Hat hier jemand Erfahrung? Ich habe leider noch nicht die Hardware um zu Testen und wollte mich vorher schon etwas schlau machen.

Vielen Dank schonmal!


----------



## SPS-freak1 (26 Mai 2014)

Hey du, 

also habe das zwar noch nicht im Haus probiert aber an meinem Versuchs Aufbau hat das so funktioniert. Ist halt eine Lästige Arbeit, wenn du alle einzelnen Bits im Ets mit massig Gruppenadressen verbinden :-( 
Um sie in der Sps schneller erstellen zu können habe ich mir einen Taster FB mit den Tasten und entsprechende Lampen und solche Geschichten angelegt

Gruß Sps-Freak

Gesendet von meinem GT-I9305 mit Tapatalk


----------



## Sancho (27 Mai 2014)

Hallo SPS-freak,

ich denke du gehst schon einen Schritt weiter. Du meinst wenn du mit einem Bit mehrere Sachen anstoßen willst, zum Beispiel Szenen, oder?
Ansonsten vertehe ich deinen letzten Satz nicht wirklich


----------



## Sancho (27 Juni 2014)

So, jetzt ist es so weit. Der Versuchsaufbau steht. Allerdings klemmts schon beim normalen Schaltaktor.

Ich habe einen KNX Taster, einen Schaltaktor, eine Gruppenadresse 0/0/1 Kanal A schalten und eine Gruppenadresse 0/0/2 Kanal A Status. Mit dem Taster Licht einschalten funktioniert.

Jetzt wollte ich parallel dazu die Wago hängen. Dazu habe ich aus der KNX Lib den FbSwitch_actuator_4 verwendet. Die Eingänge Pushbutton_On_0 bzw. Off_0 hab ich jeweils mit einem digitalen Eingang belegt. Den Ausgang xSwitch_0 auf einen Digitalen Ausgang gelegt.

In der ETS habe ich das Komunikationsobjekt der TP1 Klemme SwitchActuator.In_Switch[0] mit auf die Gruppenadresse 0/0/1 Kanal A schalten gelegt und SwitchActuator.Out_Feedback[0] auf 0/0/2 Kanal A Status.

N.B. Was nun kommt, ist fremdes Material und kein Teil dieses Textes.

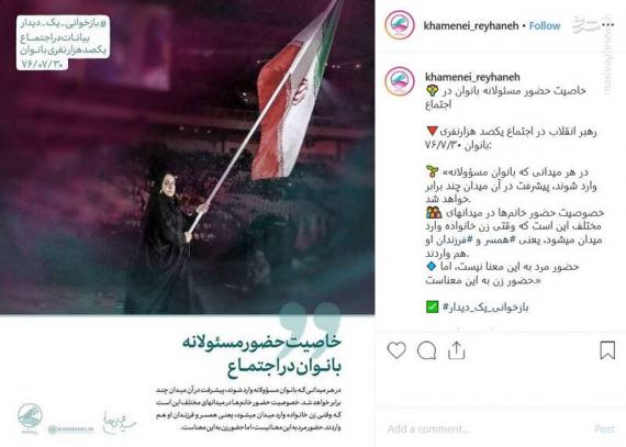به گزارش پایگاه خبری تحلیلی گرو، صفحه اینستاگرام ریحانه منتسب به دفتر حفظ و نشر آثار مقام معظم رهبری، بخشی از بیانات رهبر انقلاب در اجتماع یکصدهزار نفری بانوان در استادیوم آزادی را منتشر کرد.

Wenn ich jetzt per KNX Taster den Schaltaktor einschalte wird auch in der SPS der Digitalausgang durch die GA 0/0/2 gesetzt 
Wenn ich aber per SPS schalten will reagiert der Aktor nicht und nur der Status der GA 0/0/2 wird verändert 

Das ist doch eigentlich total unlogisch?? Weiß jemand woran das liegen kann?


----------



## Knaller (28 Juni 2014)

Moin

Bei KNX ist es so das der Aktor nur auf die erste Gruppen Adresse hört  also 0/0/1.  wenn du schalten willst must du deinen out auf 0/0/1 legen. Du schreibst ja mit der SPS aktiv  Du kannst den in auf 0/0/1 lassen um das schalten des KNX Tasters mit zubekommen.  Ich würde den Status des Aktors auf einen neuen in legen um den Zustand des Aktors in der SPS zuhaben



Sent from my iPhone using Tapatalk


----------



## Sancho (29 Juni 2014)

Irgendwie hat wohl das Forum meinen letzten Beitrag geschluckt...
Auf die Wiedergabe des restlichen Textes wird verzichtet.